Pakistan is heavily dependent on the IMF and currently implementing a short-term $3 billion agreement.

Former Pakistani prime minister Imran Khan (Photo by ARIF ALI/AFP via Getty Images)

By: Shubham Ghosh

IMRAN Khan, the incarcerated former prime minister of Pakistan, on Thursday (22) revealed his intention to communicate with the International Monetary Fund (IMF), urging the global financial institution to suspend its assistance to the financially struggling nation until an “audit” of the contentious elections, marred by allegations of vote tampering, is conducted.

The statement by the cricketer-turned-politician, originating from his confinement in Adiala Jail in Rawalpindi where he has been held since last year, was relayed by Barrister Ali Zafar following a meeting.

“A letter will be written to the International Monetary Fund that it should first seek an audit of elections and then decide about any loan to Pakistan,” Zafar said, adding that any loan to Pakistan without an audit of votes would be harmful to the country facing financial woes.

Zafar, who has also been nominated by Khan to contest intra-party election for the chairman’s post, also said that the IMF has laws which bar aid to countries not having democratic governments.

Read: Pakistan manages to find a government but who will bell the cat, the economy, now?

He said a democratic government was only possible after having fair and free elections. He rejected the impression that the letter would further jeopardise Pakistan’s fragile economy which, without assistance from the donors, may default on external liabilities.

Pakistan is heavily dependent on the IMF and currently implementing a short-term $3 billion (£2.37 billion) agreement. The global lender has already provided two tranches of loan and the last tranche of $1.2 (£951.2 million) is expected by the end of March or early April.

Read: Understanding Pakistan’s post-election scenario

According to experts, the new government after taking office would have to enter into fresh talks with the IMF to get a new loan.

The statement by Khan drew criticism from his opponents, who said that the former prime minister was bent on damaging the country. Pakistan Muslim League-Nawaz (PML-N) leader Atta Tarar condemned the statement about writing a letter to the IMF and said that the Pakistan Tehreek-e-Insaf (PTI) leader was trying to harm the country.

“The party has always tried to damage the country to save its politics,” he said.

PML-N, PPP to share power

The development comes after the PML-N and the Pakistan Peoples Party (PPP) agreed on a power-sharing deal to form a coalition government led by former prime minister Shehbaz Sharif. No political party managed to secure enough seats in the National Assembly following the February 8 general elections, leading to a hung parliament.

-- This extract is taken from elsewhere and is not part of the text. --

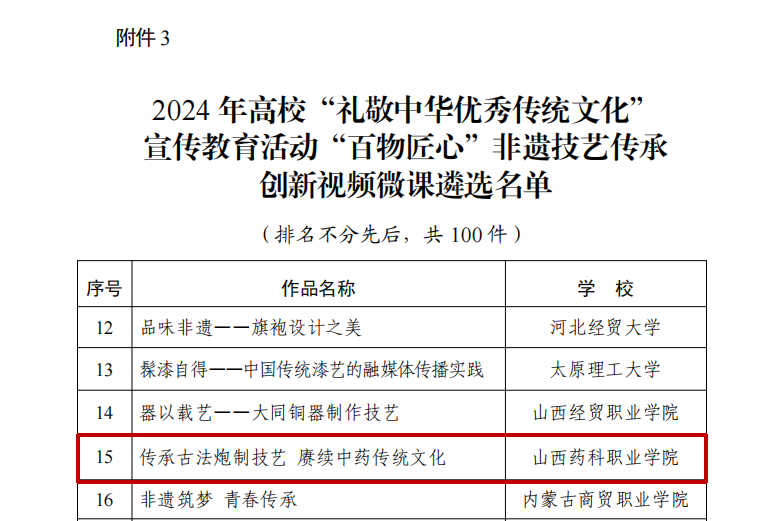 2024年高校“礼敬中华优秀传统文化”宣传教育活动由教育部思想政治工作司主办,以“赓续文化血脉筑牢信仰根基谱写青春华章”为主题,共评选出“创承文脉”高校主题数字微展览联展、“铸魂润心”文化育人创新工作案例及“百物匠心”非遗技艺传承创新视频微课三大类优秀作品各100件,山西省共有5所高校作品入选,其中beat365是唯一一所连续两年参与并获奖的职业院校。自活动开展以来,beat365高度重视,成立了由宣传统战部牵头的工作小组,联动“五育”实践工作室,广泛发动、精心策划、认真准备,经过校内层层筛选,《传承古法炮制技艺 赓续中药传统文化》作为参评作品推荐上报,该作品聚焦于中药炮制技艺这一非物质文化遗产,通过视频微课的形式,生动展现了丸药、线香、倒流香、香囊等中药文化产品制作技艺的历史渊源、技艺流程和文化内涵,同时也彰显了学院在中药学领域的深厚底蕴以及传承和弘扬中华优秀传统文化的使命担当。
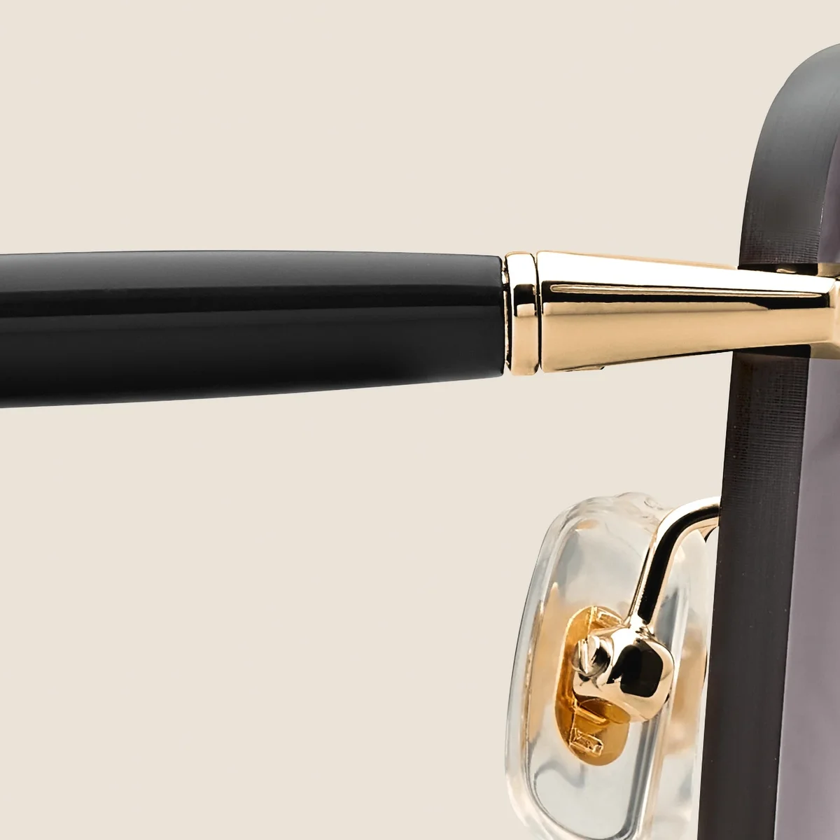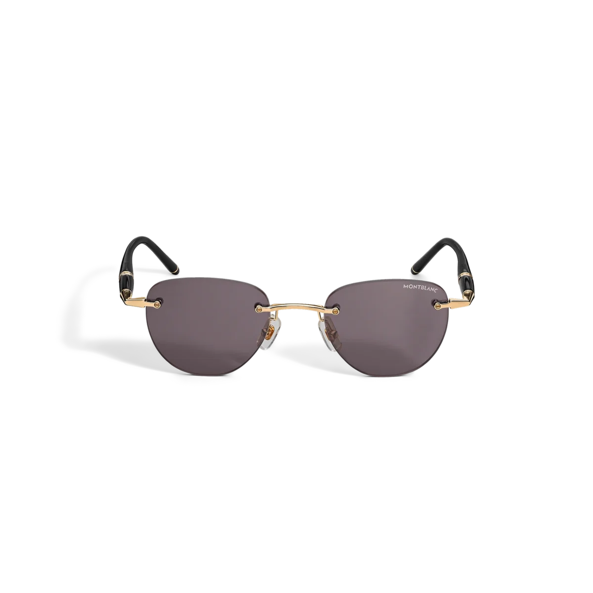 Diese randlose Sonnenbrille im runden Stil hat einen goldfarbenen Metallrahmen und graue Gläser. Die von den Meisterstück-Schreibgeräten inspirierten röhrenförmigen Bügel sind mit dem Montblanc-Schriftzug verziert. Das Montblanc-Logo ist auf das linke Glas gelasert.

Both the PML-N and the PPP won fewer seats in parliament than candidates backed by Khan in an election mired in controversies, including vote rigging. Khan, who could not contest the elections due to his convictions in some cases including that of corruption, has been barred from holding any public office for 10 years.

The PTI has said that the PML-N and PPP are trying to form a government with a stolen mandate and the nation would not accept the “PDM 2.0”. It alleged the “regime change conspiracy” was backed by the chief election commissioner by making a mockery of the Constitution and law in the country.

The IMF’s review mission might visit Islamabad by the end of this month or early next month, provided the government formation at the federal and provincial levels is complete. The mission will finalise the salient features of the anticipated medium-term bailout package to avert a default on repayment of foreign debts.

Earlier, the IMF’s review mission was scheduled to visit the country in the first week of February, but the delegation refused to visit on the eve of the general elections. After the general elections threw a fractured mandate, doubts have been raised about the fairness of the whole process, with the US, the European Union, and other countries demanding an investigation into the irregularities and fraud allegations.

Pakistan’s foreign exchange reserves hovered around $8.04 billion (£6.37 billion) during the week ending February 2, after witnessing a decline in reserves by $173 million (£137.1 million) due to external debt repayments.